What to work on
Below is a set of records. Repeat them verbatim without the pictures.

***** Input for this task *****

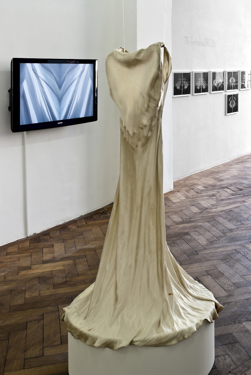 “The AmbassaDRESS 1977/1980” is formed of photographs, drawings and a video, and an installation. The variety of media used in the work is the product of an approach that allows the differentiation of the audience`s point of view. Although the dress is the centre of the work, Nil Yalter refrains from repeating the major-dominant narrative that invariably ascribes “female” identity a marginal position, as a figure long not issued with legitimate representation, she in fact point towards, exhibits and criticizes phallocentric power structure.
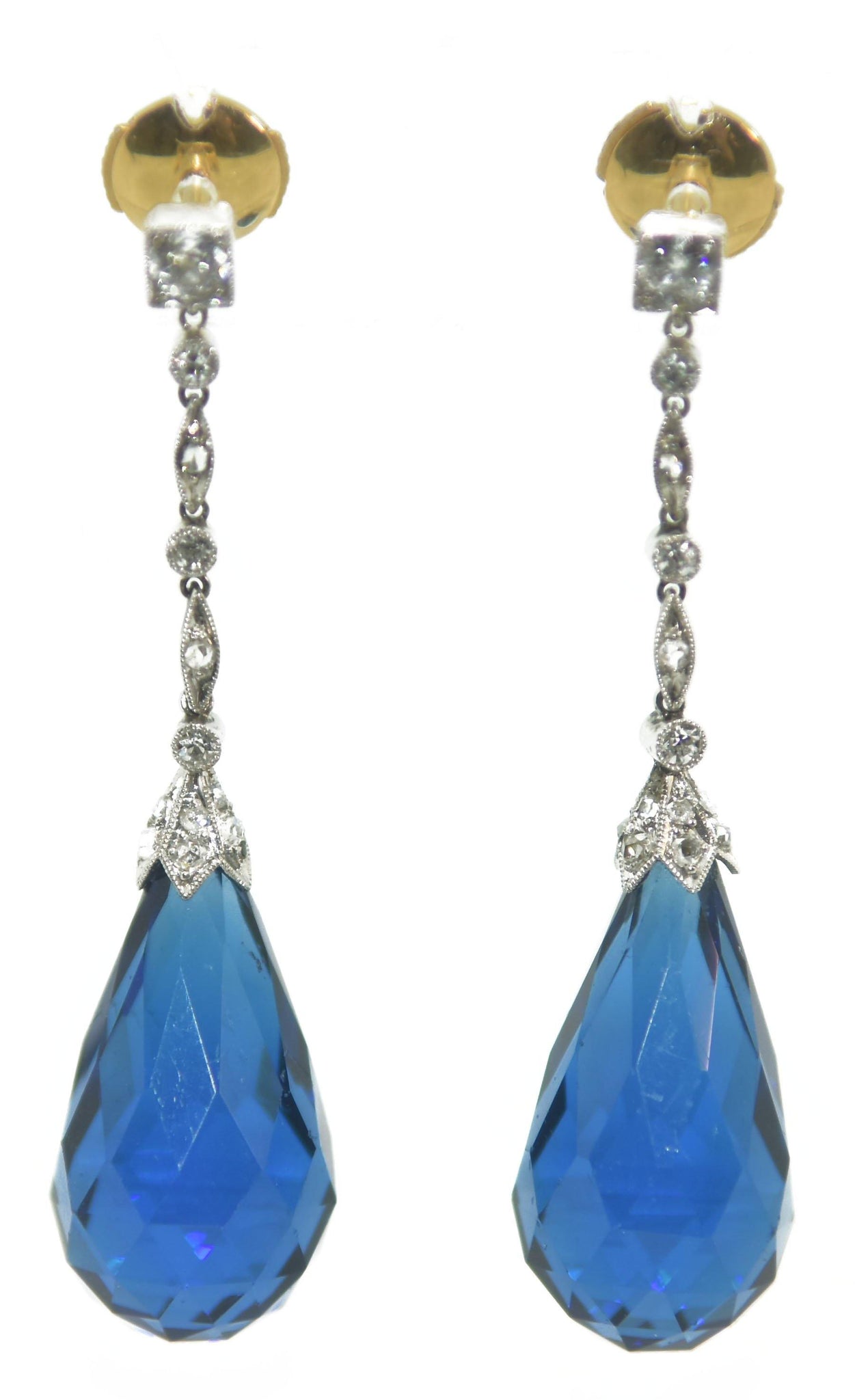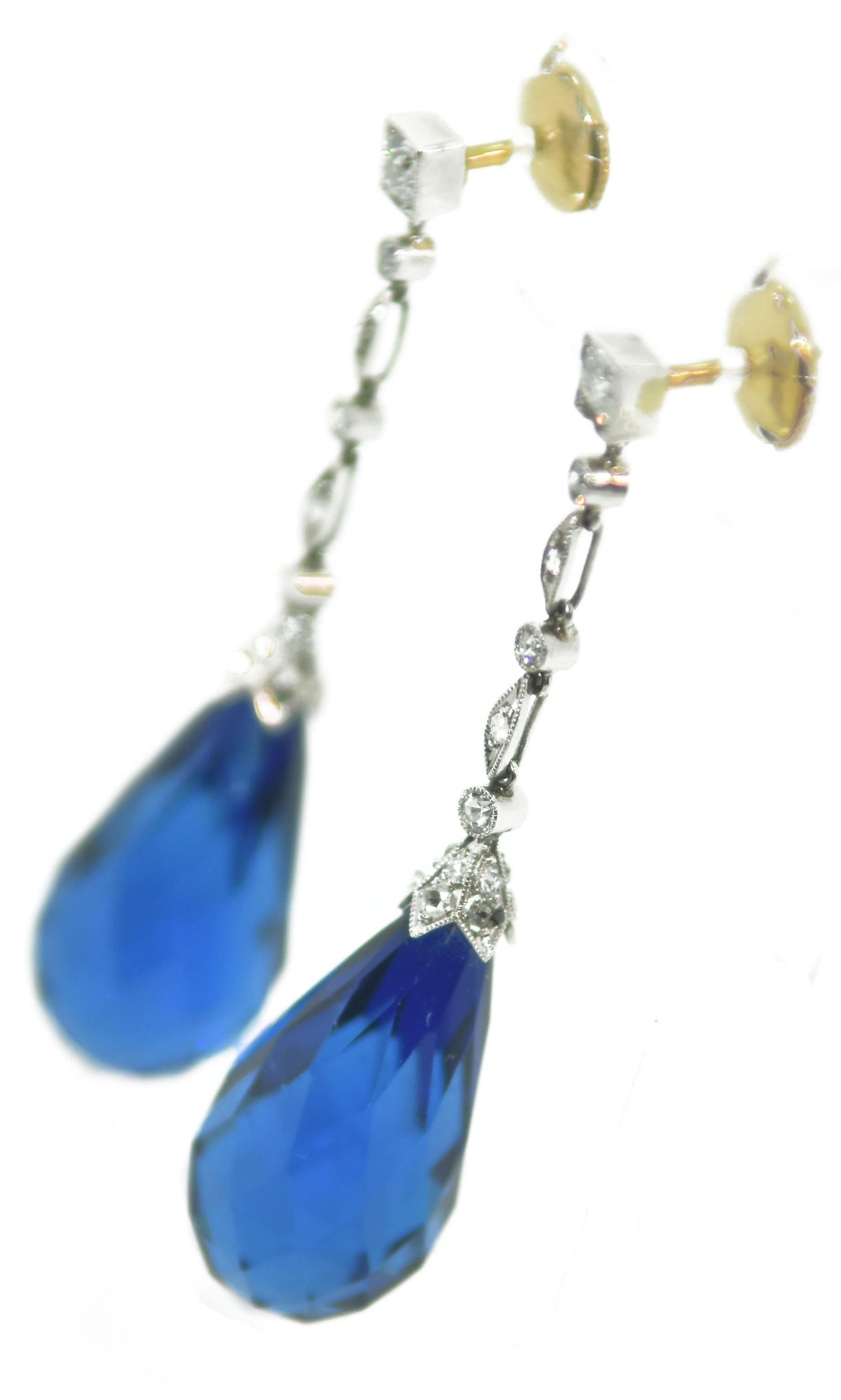Belle paire de boucles d'oreilles en platine et or datant des années 1930 ornée de diamants taille ancienne totalisant environ 0,50ct ornée de 2 perles briolettées en verre bleue.
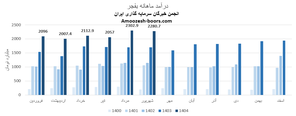 بر اساس صورت مالی و عملکرد ماهانه سهام بفجر که در کدال منتشر شده، این شرکت در این ماه توانسته به درآمد 2303 میلیارد تومان دست یابد، این عدد در مقایسه با ماه گذشته تغییر 12%+، در مقایسه با متوسط ماهانه 11%+ و در مقایسه با مدت مشابه 36%+ داشته است.
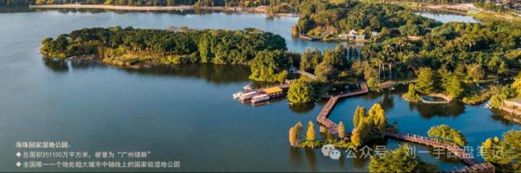 项目南瞰超万亩海珠国家湿地公园,全球超大城央湿地,约1100万㎡城央绿洲,距离项目约300米,可通过地下地铁连廊无风雨、无温差步行约5分钟可达。
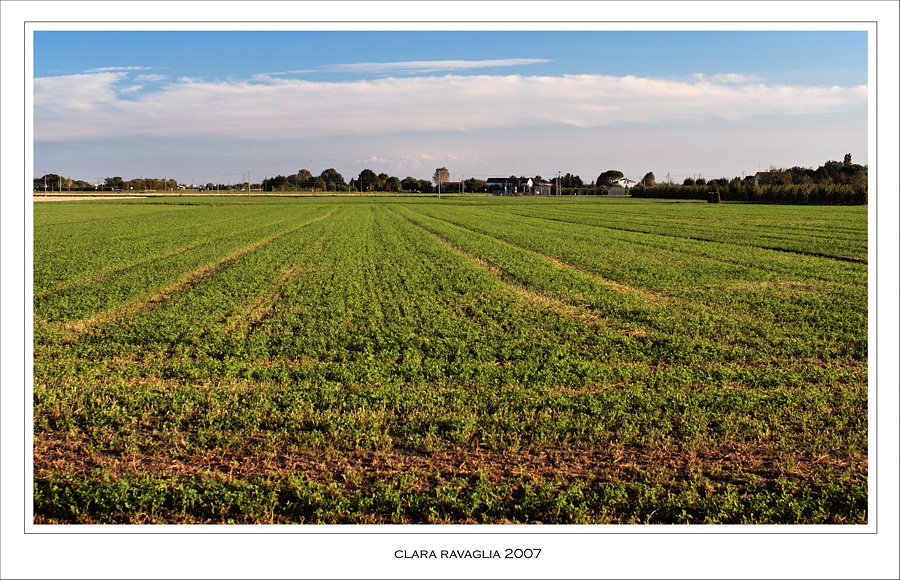 ciao clara , come ha già detto sanpit la semplicità di alcuni tuoi scatti è disarmante , non è per niente difficile banalizzare un campo come quello che hai fotografato , anzi , eppure tu sei riuscita e renderlo interessante senza un pw pesante ne senza cercare un soggetto che lo riempisse , eppure in questo scatto c'è molto ... i colori , la prospettiva , la direttrice marrone in primo piano che da il via all'occhio che inizia ad esplorare questa campagna .
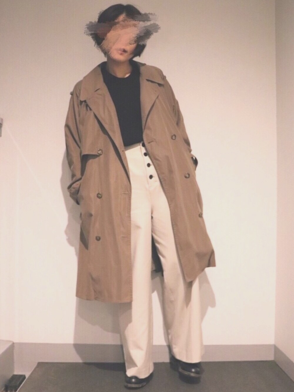 ちょくちょく登場してるビンテージのトレンチコートは3年前?くらいに買ったもの。 形と素材感がとってもいい感じでずっと愛用〜 今回は少しキレイめなモノトーンコーデにプラスしてみた👯‍♂️
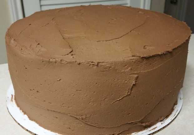 Una vez que el glaseado de chocolate cremoso, agregue en una capa uniforme sobre el glaseado de caramelo.
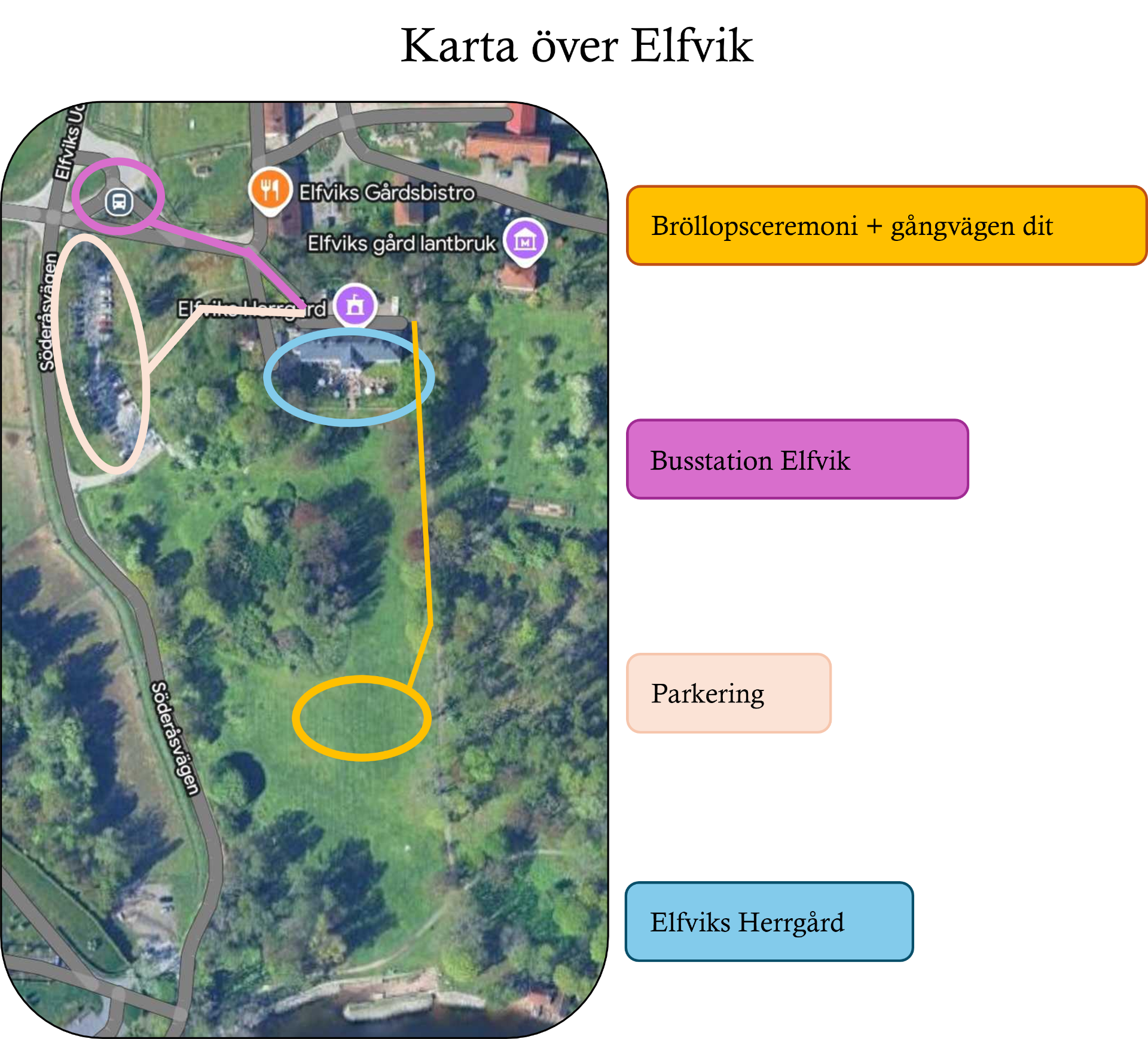 Buss 204 från Ropsten går direkt till Elfvik. Från stationen så kan du följa en kort grusväg (bakom bussbåset) upp mot Herrgården. Går du på sidan om herrgården finns det en väg som leder ner till platsen där ceremonin kommer att ske. Se bildkarta längst ner.
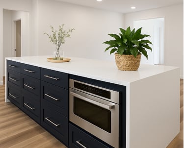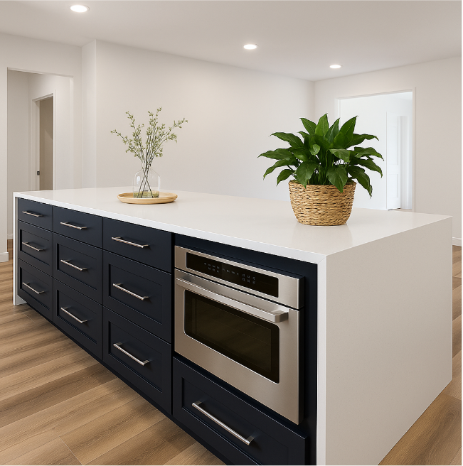 The countertops are made of high-quality white quartz, known for its durability, low maintenance, and luxurious finish. With a waterfall-edge island and expansive surface area, this design not only enhances functionality but also creates a stunning focal point for gatherings and everyday use.
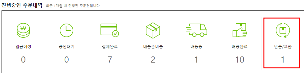 신청이 정상적으로 처리되고 반품/교환 탭에 상품이 1개 추가된 것을 확인할 수 있습니다.
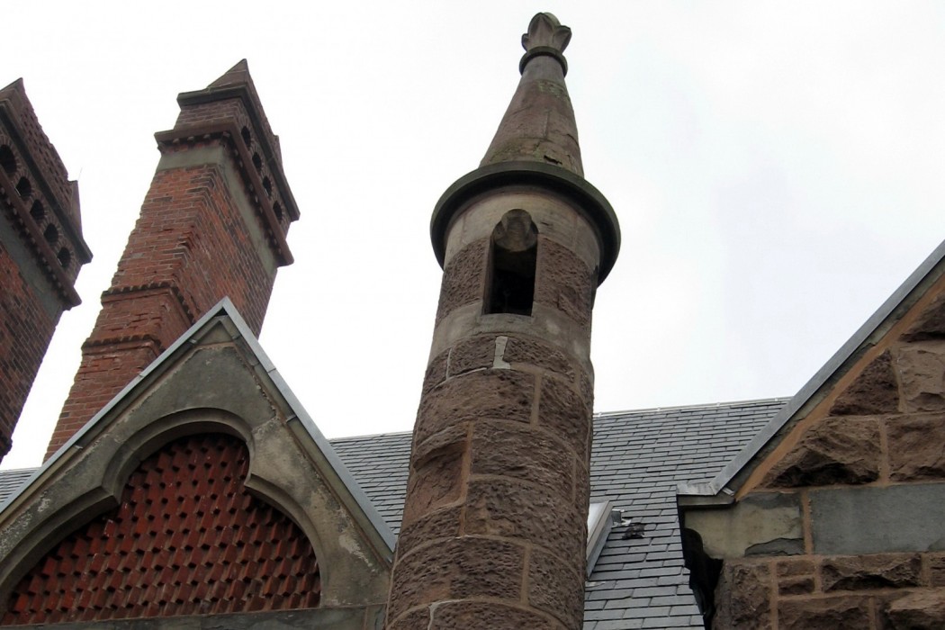 Durfee Hall is the first stone dormitory constructed on the campus of Yale University. When completed in 1871, it was regarded as a high point in Victorian Gothic style architecture. "It will be a long time before the quiet dignity of its roof and chimneys will be surpassed anywhere." wrote American Architect and Building News. The building facades are predominately split face, New Jersey Sandstone. North River Bluestone and buff colored Ohio Sandstone accentuate the facades at the copings, stringcourses, and ornamental trim. Sandstone turrets flank gables located at each end of the building and massive brick chimneys rise above the slate roofing.
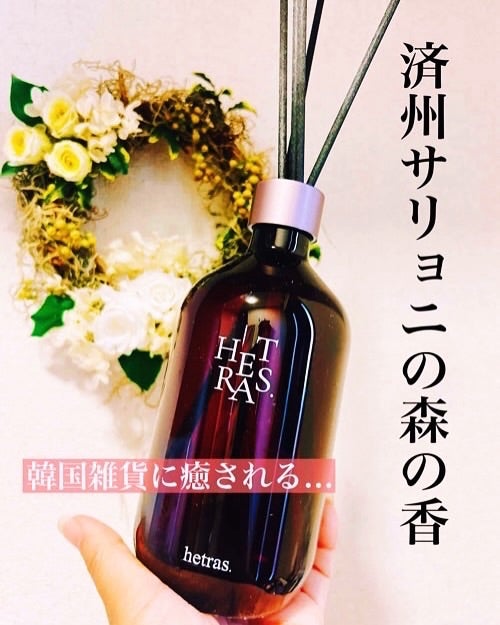 Room fragrance🌿 @hetras.official.jp ずっと気になっていて 韓国で購入したお気に入りのルームフレグランスボディクリームもとっても良くて愛用中🤍 今回は別の香りを。♡Jeju Saryeoni Forest済州サリョ二林道は済州の静かなサリョニ森の道で感じられる。

*****

Task result
 “The AmbassaDRESS 1977/1980” is formed of photographs, drawings and a video, and an installation. The variety of media used in the work is the product of an approach that allows the differentiation of the audience`s point of view. Although the dress is the centre of the work, Nil Yalter refrains from repeating the major-dominant narrative that invariably ascribes “female” identity a marginal position, as a figure long not issued with legitimate representation, she in fact point towards, exhibits and criticizes phallocentric power structure.
Belle paire de boucles d'oreilles en platine et or datant des années 1930 ornée de diamants taille ancienne totalisant environ 0,50ct ornée de 2 perles briolettées en verre bleue.
 بر اساس صورت مالی و عملکرد ماهانه سهام بفجر که در کدال منتشر شده، این شرکت در این ماه توانسته به درآمد 2303 میلیارد تومان دست یابد، این عدد در مقایسه با ماه گذشته تغییر 12%+، در مقایسه با متوسط ماهانه 11%+ و در مقایسه با مدت مشابه 36%+ داشته است.
 项目南瞰超万亩海珠国家湿地公园,全球超大城央湿地,约1100万㎡城央绿洲,距离项目约300米,可通过地下地铁连廊无风雨、无温差步行约5分钟可达。
 ciao clara , come ha già detto sanpit la semplicità di alcuni tuoi scatti è disarmante , non è per niente difficile banalizzare un campo come quello che hai fotografato , anzi , eppure tu sei riuscita e renderlo interessante senza un pw pesante ne senza cercare un soggetto che lo riempisse , eppure in questo scatto c'è molto ... i colori , la prospettiva , la direttrice marrone in primo piano che da il via all'occhio che inizia ad esplorare questa campagna .
 ちょくちょく登場してるビンテージのトレンチコートは3年前?くらいに買ったもの。 形と素材感がとってもいい感じでずっと愛用〜 今回は少しキレイめなモノトーンコーデにプラスしてみた👯‍♂️
 Una vez que el glaseado de chocolate cremoso, agregue en una capa uniforme sobre el glaseado de caramelo.
 Buss 204 från Ropsten går direkt till Elfvik. Från stationen så kan du följa en kort grusväg (bakom bussbåset) upp mot Herrgården. Går du på sidan om herrgården finns det en väg som leder ner till platsen där ceremonin kommer att ske. Se bildkarta längst ner.
 The countertops are made of high-quality white quartz, known for its durability, low maintenance, and luxurious finish. With a waterfall-edge island and expansive surface area, this design not only enhances functionality but also creates a stunning focal point for gatherings and everyday use.
 신청이 정상적으로 처리되고 반품/교환 탭에 상품이 1개 추가된 것을 확인할 수 있습니다.
 Durfee Hall is the first stone dormitory constructed on the campus of Yale University. When completed in 1871, it was regarded as a high point in Victorian Gothic style architecture. "It will be a long time before the quiet dignity of its roof and chimneys will be surpassed anywhere." wrote American Architect and Building News. The building facades are predominately split face, New Jersey Sandstone. North River Bluestone and buff colored Ohio Sandstone accentuate the facades at the copings, stringcourses, and ornamental trim. Sandstone turrets flank gables located at each end of the building and massive brick chimneys rise above the slate roofing.
 Room fragrance🌿 @hetras.official.jp ずっと気になっていて 韓国で購入したお気に入りのルームフレグランスボディクリームもとっても良くて愛用中🤍 今回は別の香りを。♡Jeju Saryeoni Forest済州サリョ二林道は済州の静かなサリョニ森の道で感じられる。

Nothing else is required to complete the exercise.